- Location: MAGiC MaP
- Nearest town: Stanhope
- Coordinates: 54°44′47″N 2°8′48″W﻿ / ﻿54.74639°N 2.14667°W
- Area: 14.1 ha (35 acres)
- Established: 1976
- Governing body: Natural England
- Website: Slit Woods SSSI

= Slit Woods =

Slitt Woods is a Site of Special Scientific Interest in the Wear Valley district of County Durham, England. It occupies the valley of Middlehope Burn, a tributary of the River Wear, which it joins at Westgate, just south of the site.

The site has a variety of habitats, including woodland, calcareous grassland, fen, and revegetated mine workings.
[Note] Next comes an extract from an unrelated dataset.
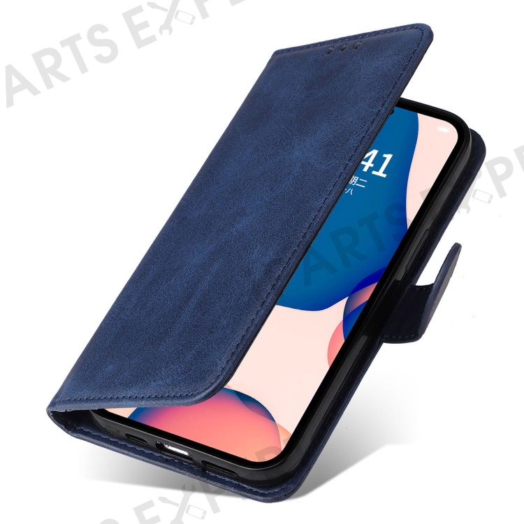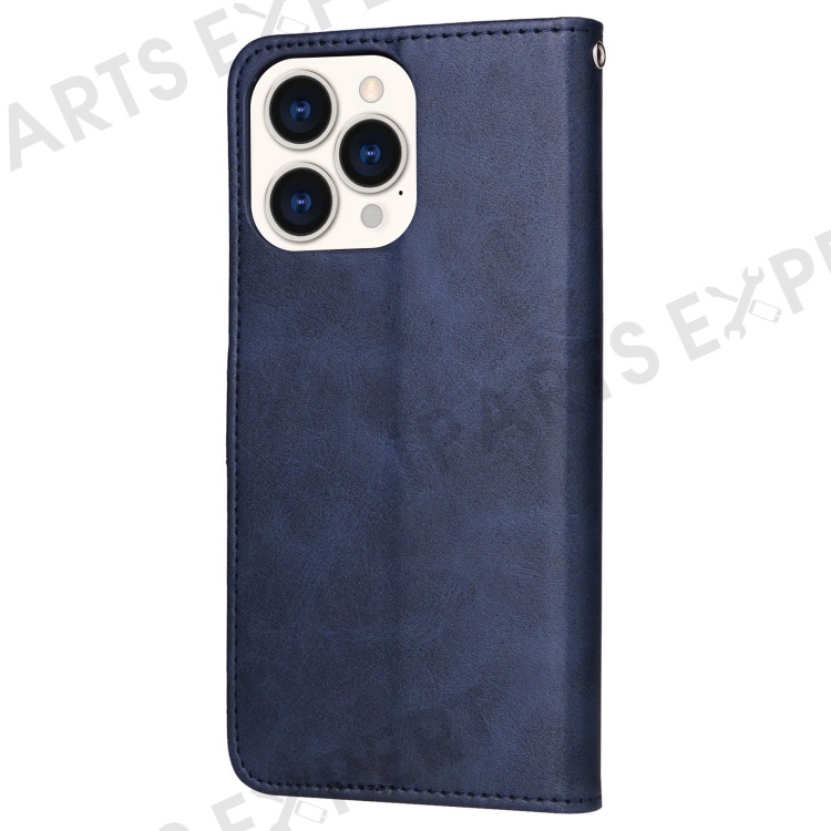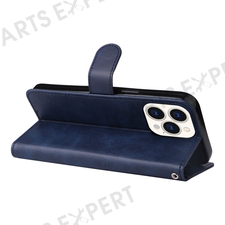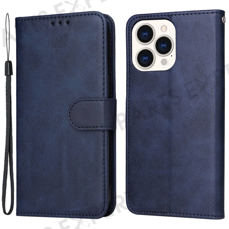 For iPhone 14 Pro Max 6.7 inch Calf Texture PU Leather Phone Full Protection Cover Magnetic Clasp Flip Stand Wallet Case - Blue

The woodland is characterised by ash, Fraxinus excelsior, and wych elm, Ulmus glabra, over an understorey of hazel, Corylus avellana. The ground cover includes great bell-flower, Campanula latifolia, globeflower, Trollius europaeus, wood cranesbill, Geranium sylvaticum, and marsh hawk's-beard, Crepis paludosa.

The site takes in the disused workings of two former lead mines, Slitt Mine and Middlehope Mine. The waste from these mines supports open grassland within which the metallophyte spring sandwort, Minuartia verna, has established itself.